QuiremSpheres (PLLA ^{166}Ho microspheres) received their CE mark in April 2015 for treating unresectable liver tumors and were only available for the European market.

==Procedure==
^{90}Y microsphere treatment requires patient-individualized planning with cross-sectional imaging and arteriograms. Contrast computed tomography and/or contrast-enhanced magnetic resonance imaging of the liver is required to assess tumor and normal liver volumes, portal vein status, and extrahepatic tumor burden. Liver and kidney function tests should be performed; patients with irreversibly elevated serum bilirubin, AST and ALT are excluded, as these are markers of poor liver function. Use of iodinated contrast should be avoided or minimized in patients with chronic kidney disease. Tumor marker levels are also evaluated. Hepatic artery technetium (99mTc) macro aggregated albumin (MAA) scan is performed to evaluate hepatopulmonary shunting (resulting from hepatopulmonary syndrome). Therapeutic radioactive particles travelling through such a shunt can result in a high absorbed radiation dose to the lungs, possibly resulting in radiation pneumonitis. Lung dose >30 gray means increased risk of such pneumonitis.

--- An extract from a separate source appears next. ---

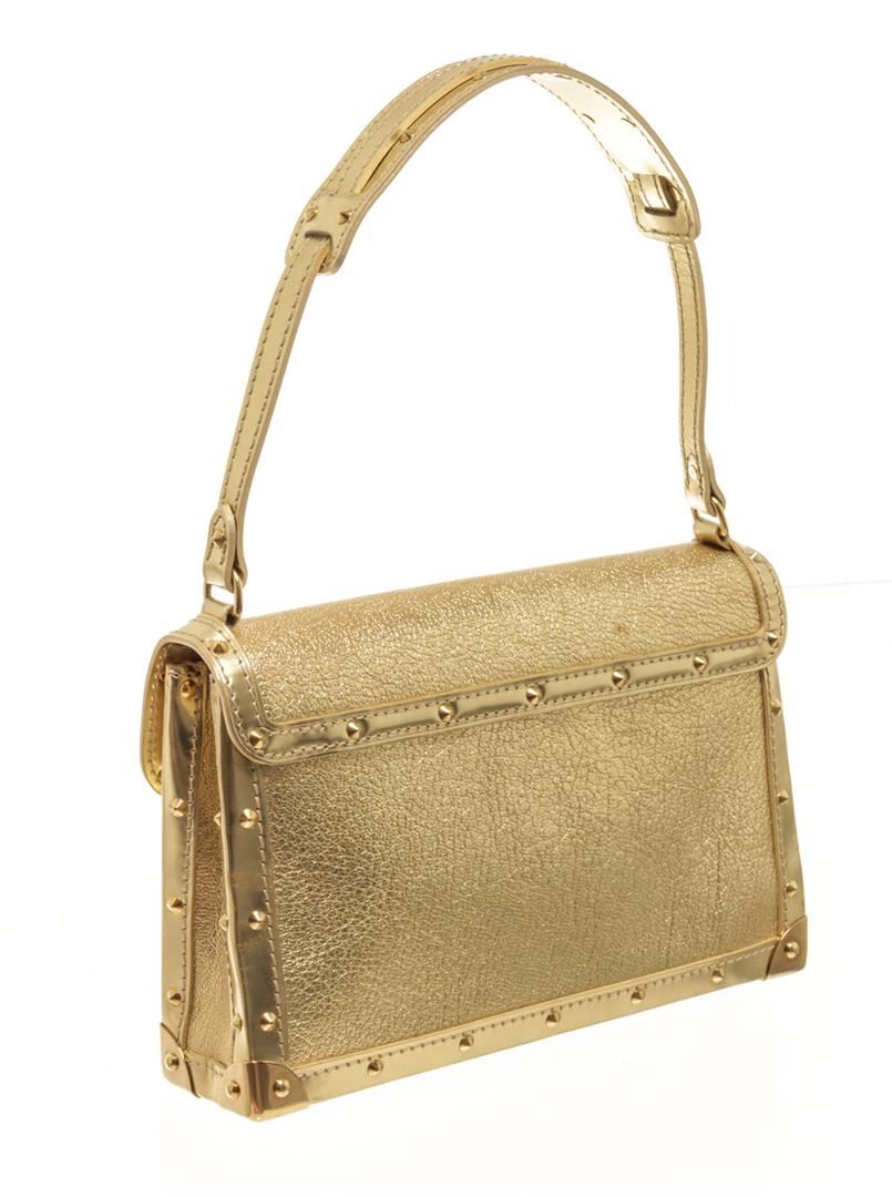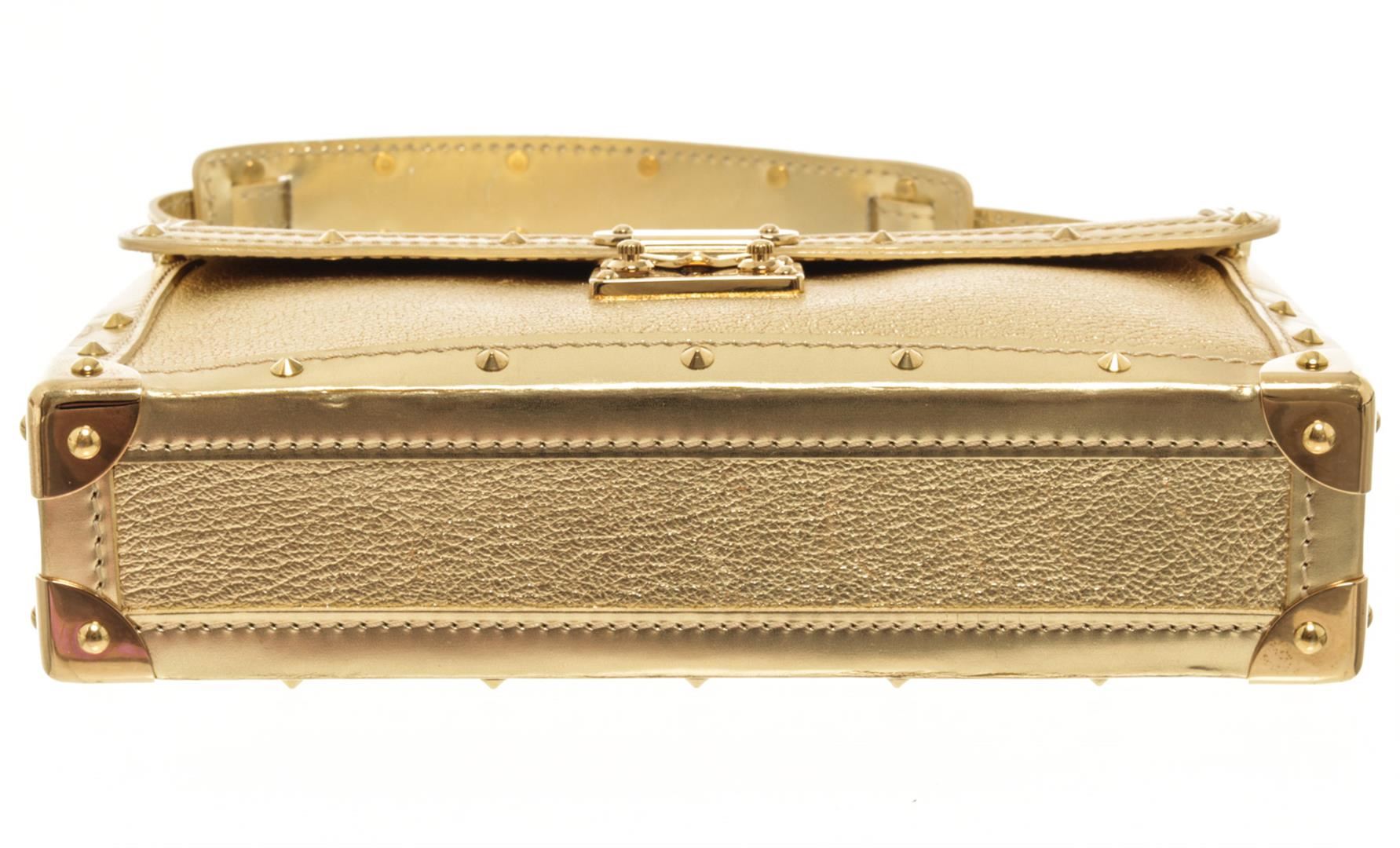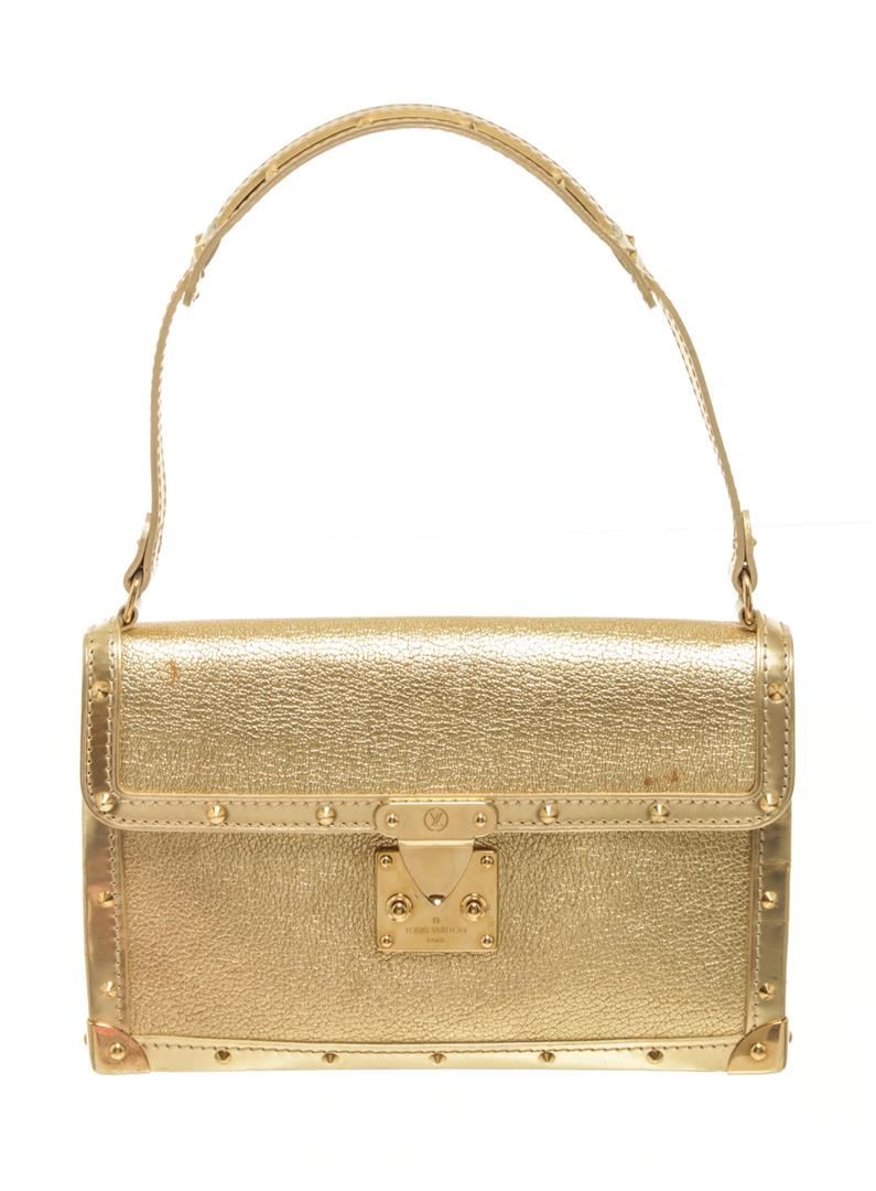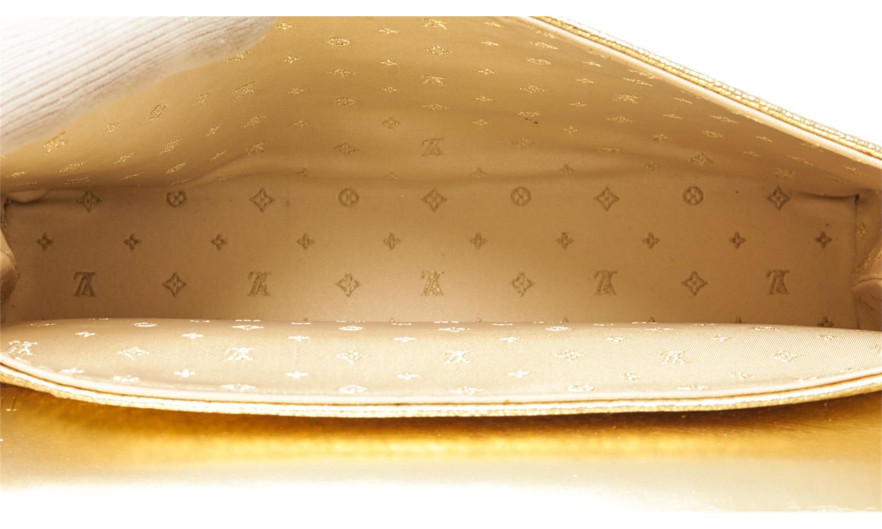 One Louis Vuitton Gold Leather Top Handle Bag. Item is sold AS-IS. All available information is listed in the description and shown in the photo. Louis Vuitton Top Handle Bag with louis vuitton top handle bag with gold leather, gold-tone hardware, flat handle, logo jacquard lining, push-lock closure at front. There are some stains on the exterior leather. Handle Drop: 6", Height: 5.75", Width: 8.75", Depth: 2" / Handle Drop: 15.24, 14.6 x 22.2 x 5.08 CM

Initial angiographic evaluation can include an abdominal aortogram, Superior mesenteric and Celiac arteriograms, and selective right and left liver arteriograms. These tests can show gastrointestinal vascular anatomy and flow characteristics. Extrahepatic vessels found on angiographic evaluation can be embolized, to prevent nontarget deposition of microspheres, that can lead to gastrointestinal ulcers. Or the catheter tip can be moved more distally, past the extrahepatic vessels. Once the branch of the hepatic artery supplying the tumor is identified and the tip of the catheter is selectively placed within the artery, the ^{90}Y or ^{166}Ho microspheres are infused. If preferred, particle infusion can be alternated with contrast infusion, to check for stasis or backflow. Radiation dose absorbed, depends on microsphere distribution within the tumor vascularization. Equal distribution is necessary to ensure tumor cells are not spared due to ≈2.5mm mean tissue penetration, with maximum penetration up to 11mm for ^{90}Y or 8.7mm for ^{166}Ho.

After treatment, for ^{90}Y microspheres, bremsstrahlung SPECT or PET scanning may be done within 24 hours after radioembolization to evaluate the distribution. For ^{166}Ho microspheres, quantitative SPECT or MRI can be done. Weeks after treatment, computed tomography or MRI can be done to evaluate anatomic changes. ^{166}Ho microspheres are still visible on MRI after radioactivity has decayed, because holmium is paramagnetic. FDG positron emission tomography may also be done to evaluate changes in metabolic activity.

==Adverse effects==
Complications include postradioembolization syndrome (PRS), hepatic complications, biliary complications, portal hypertension and lymphopenia. Complications due to extrahepatic deposition include radiation pneumonitis, gastrointestinal ulcers and vascular injury.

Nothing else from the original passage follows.